Let’s get into what that actually means.

Contents

Does It Have a ii-V Progression?

A ii-V (or ii-V-I) progression has some real advantages:

It’s easy to lay a jazz-sounding melody over it
It’s easy to lay tension chords over it
It’s easy to lay a walking bass line over it

Since most readers here are bassists, let’s focus on that last point — how easy it is to build a walking bass line over it.

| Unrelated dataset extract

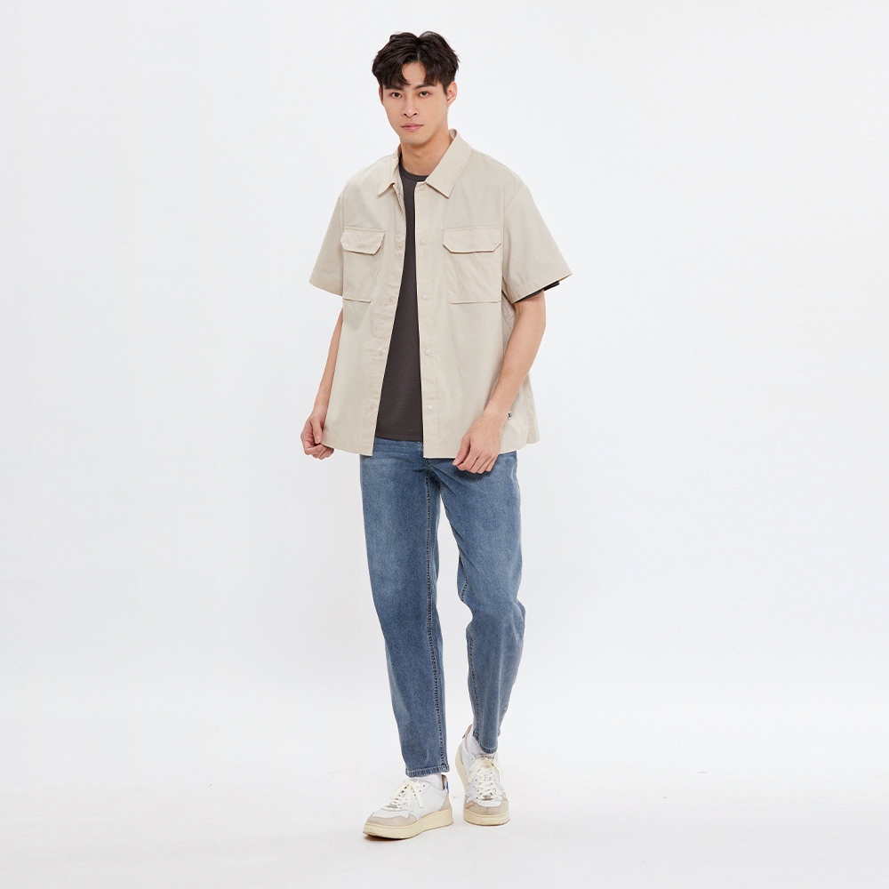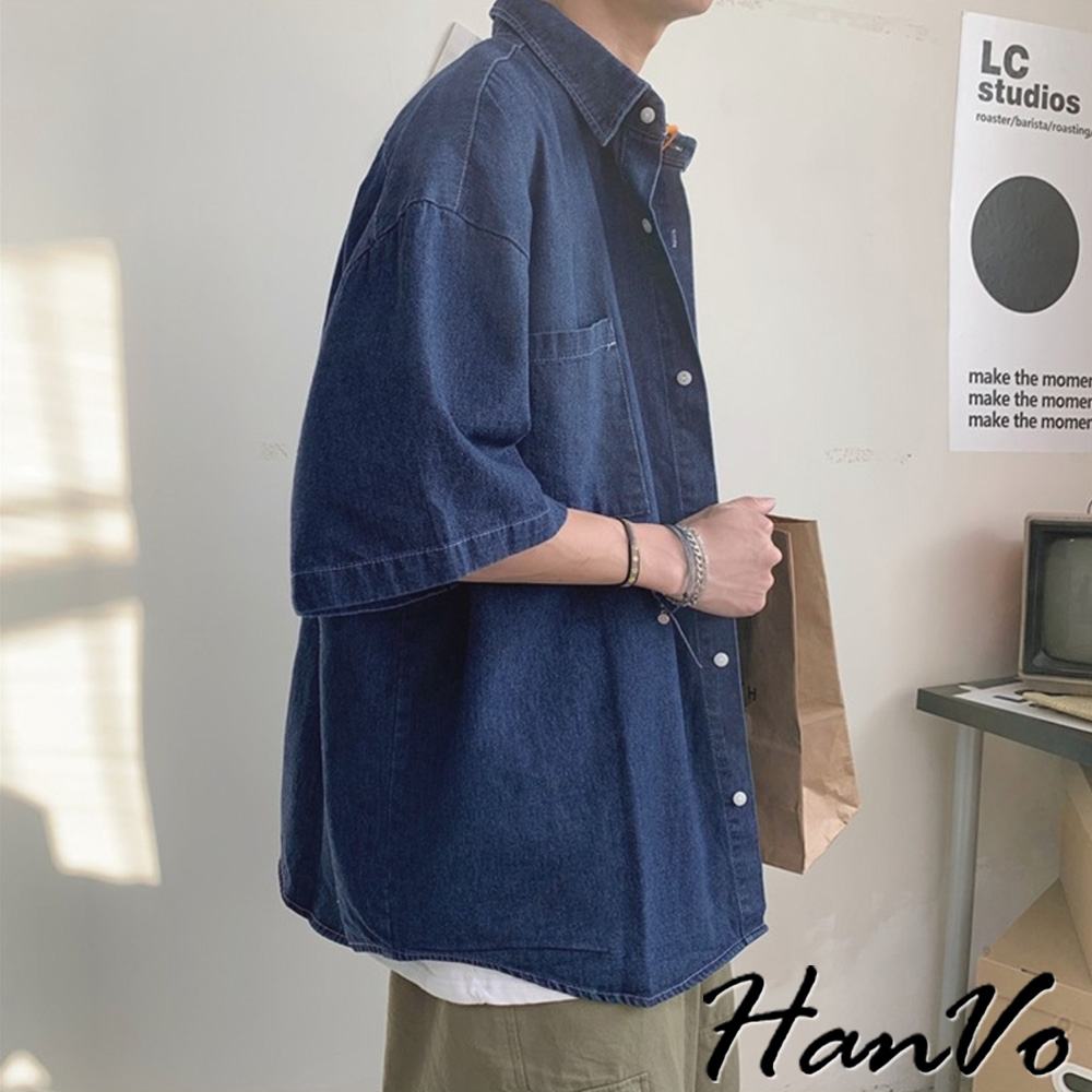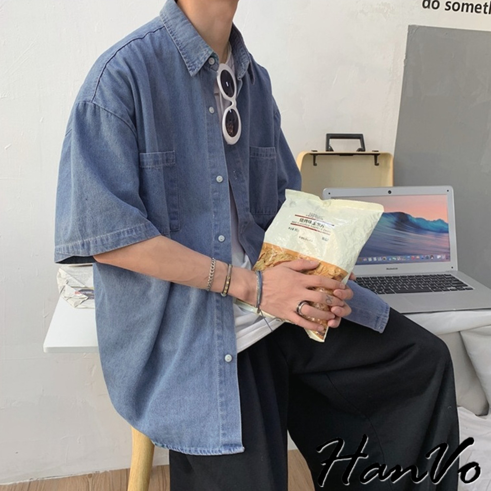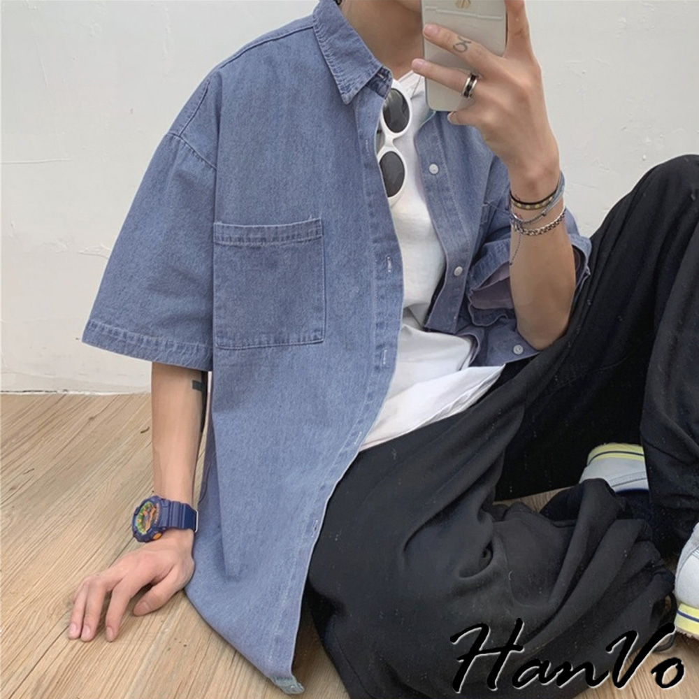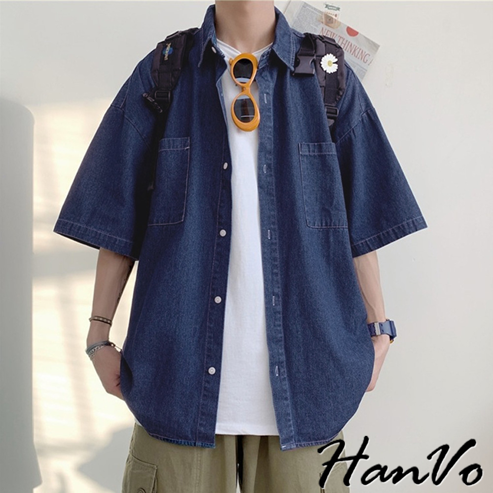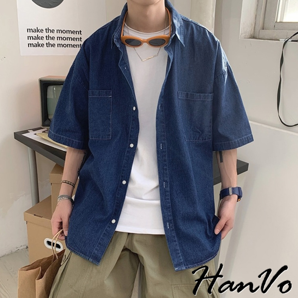 【HanVo】男款休閒寬鬆牛仔短袖襯衫 舒適透氣潮流復古工裝上衣 韓版夏季T恤 男生衣著 B01-1016淺藍|深藍ShirtsHanVo Wear Collection

Here’s an example of a ii-V-I progression:

An example ii-V-I bass line over Dm7-G7-Cmaj7

Play through it and you’ll see — it’s incredibly easy to build a walking bass line over this. Compare that to a common pop chord movement, the IV-V-I progression (not usually called that, but bear with me):

An example bass line over an F-G-C (IV-V-I) progression

This kind of progression just doesn’t pair as naturally with a walking bass line. Play through it and you’ll notice — it’s not necessarily wrong, but it’s genuinely hard to build a smooth, connected flow.

So: when arranging a pop song into jazz, it’s worth checking whether the chord progression contains a ii-V movement somewhere in it.

The Section Structure

Chord tones

“Section” here just means things like the verse or the chorus. Pop songs commonly follow a flow like:

Intro → Verse → Pre-chorus → Chorus

Jazz tunes, on the other hand, tend to follow forms like:

ABAC
(e.g. “Fly Me to the Moon,” “All of Me”)

or

AABC
(e.g. “Autumn Leaves”)

AABA
(e.g. “It’s Only a Paper Moon,” “Take the ‘A’ Train”)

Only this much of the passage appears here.